O salário dos marqueteiros não deve ser muito alto, o cardápio é ruim e pouco proveitoso. No entanto, com muito mais tempo de televisão, com máquinas fortes, estaduais e nacionais, com a evidência de serem os ganhadores, esses três de cima são os que escolhem o terreno de jogo, a bola e a plateia. O terreno é o aplainado da ordem constituída, a bola é a da mensagem fácil e certeira, num quase único canal e uma mísera quantidade de rádios que entram no arco domiciliar em qualquer parte da cidade, e a plateia aquele que pode pagar a conta da campanha ou a conta da Prefeitura. O que está fora do mercado de trabalho, de consumo e de programa, é um ocupa, nunca é a bola da vez e não serve de macaco de auditório. Os moradores de rua que esperavam estes três candidatos “ganhadores”, que por decisão política nem apareceram no Debate onde os populares entregaram suas demandas ao vivo, por TV Floripa, Desacato.info e Rádio Campeche, na noite do 14 de setembro, não tinham onde ligar o computador, onde conectar a TV, onde ouvir a rádio comunitária que só pega numa parte do sul da ilha, por isso foram lá falar com eles. Os fantasmas da noite ilhoa transcenderam em corpo e demanda, e como fantasmas que são, nenhum dos candidatos “principais” os viu e os ouviu.

Nessa audição de bases sociais para candidatos, os “perdedores” estiveram lá: Janaína Deitos, Gilmar Salgado e Elson Pereira. Escutaram, apresentaram propostas, criaram compromisso, nada demais, o mínimo imprescindível. Seus marqueteiros também tinham festas, aniversários, lançamentos, muitas semanas ou dias antes confirmados, agendados, mas, lá ficaram mais de três horas. Também não tiveram medo de outros fantasmas que rondaram o auditório do Sinjusc: os velhos militantes que, conscientes da traição institucional do PT, do PCdoB e do PMDB, há muito encaminharam seus esforços a outras áreas da militância: o meio-ambiente, a cultura, a comunicação, a gente pobre, rejeitada pelas burocracias partidárias. E entre eles, por sorte, havia sangue novo, sindicalismo novo, dirigentes novos, inclusive dos partidos acima mencionados. Mais ainda, até candidatos proporcionais desses partidos. Que bom ver Lino e Denilson, entre outros queridos companheiros de velhas lutas ocupando seu lugar com os resistentes, com as lideranças não assimiladas, como o fizeram no Norte da Ilha, em 23 de agosto!

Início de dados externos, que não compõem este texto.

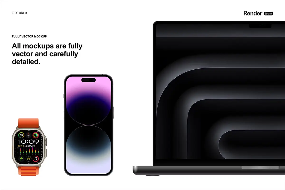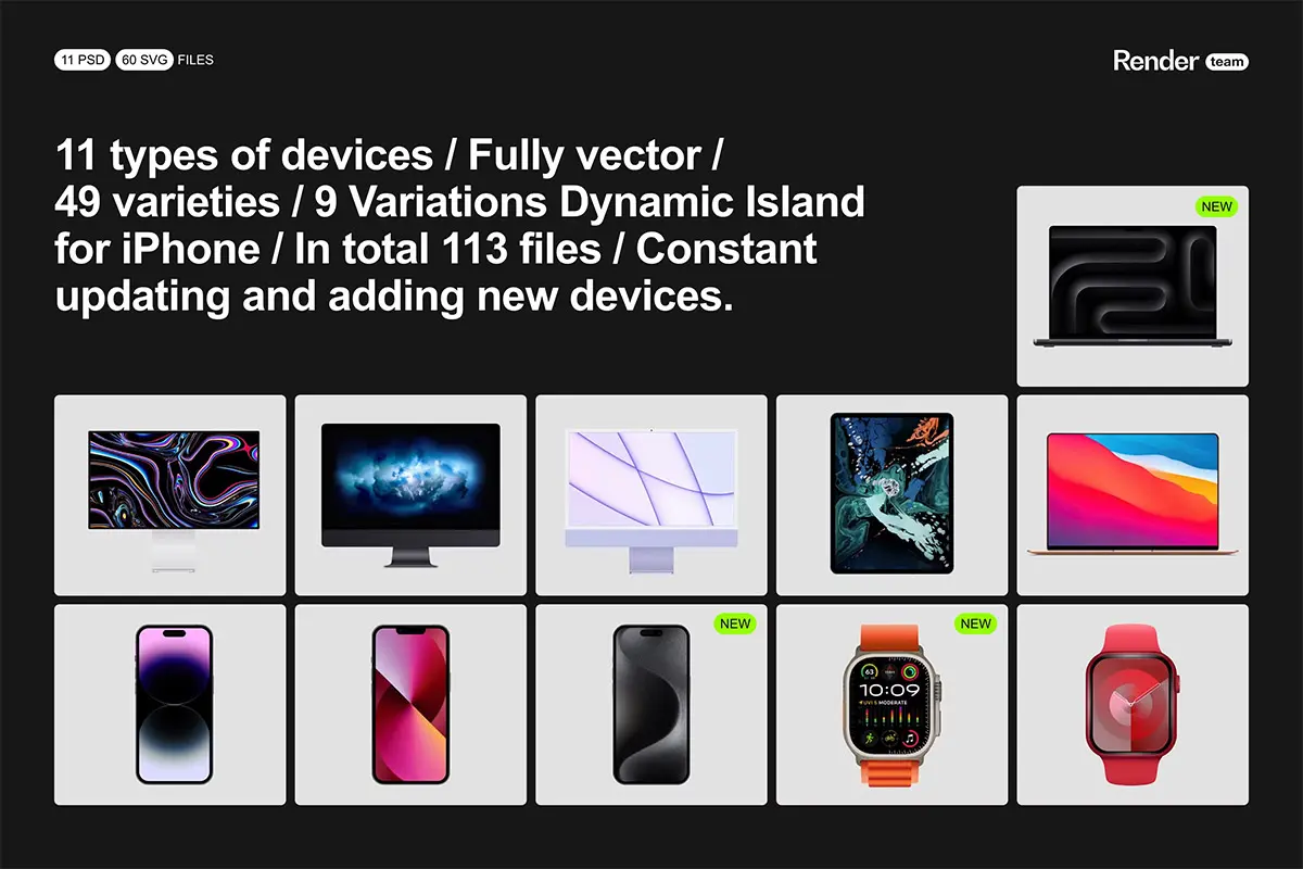 Apple Devices Mockup Bundle 11款iPhone平板iMac笔记本电脑手表显示器数码产品ps样机素材合集

As lideranças políticas dos partidos que exerçam o poder institucional em Florianópolis, em 2013, como também as lideranças de organizações sociais cristalizadas, precisam compreender que essa ação individual, esse fascínio pelo poder pequeno, esse poder que é capaz de rejeitar um Debate com as pessoas simples e os não assimilados à lógica perversa da exclusão, a destruição e a negação da vida, um dia mudará, porque os pobres são os mais, porque a esperança em mudanças será majoritária, e porque isso não é simples sonho, é uma realidade que seguirá avançando, sobre o desgaste sem freio do velho, o decrépito, o que começa a ser derrotado.

Da próxima vez, serão quatro a falar com os invisíveis, e da seguinte serão todos, e perderão o medo dos fantasmas, porque os etéreos ainda sofismados, junto com os que se mantiveram fiéis à ideia de mudar a ordem, ganharão a rua, e nos meios de comunicação independentes cresceram tanto e quanto estes. Até acredito que os candidatos “perdedores” enxergaram com facilidade qual é o caminho para a Vitória, embora possa demorar, uma ou duas eleições ainda. Há uma Frente Social e Política pairando sobre a ponte que separa os tempos. Os fantasmas transitam por ela e se materializam entanto caminham.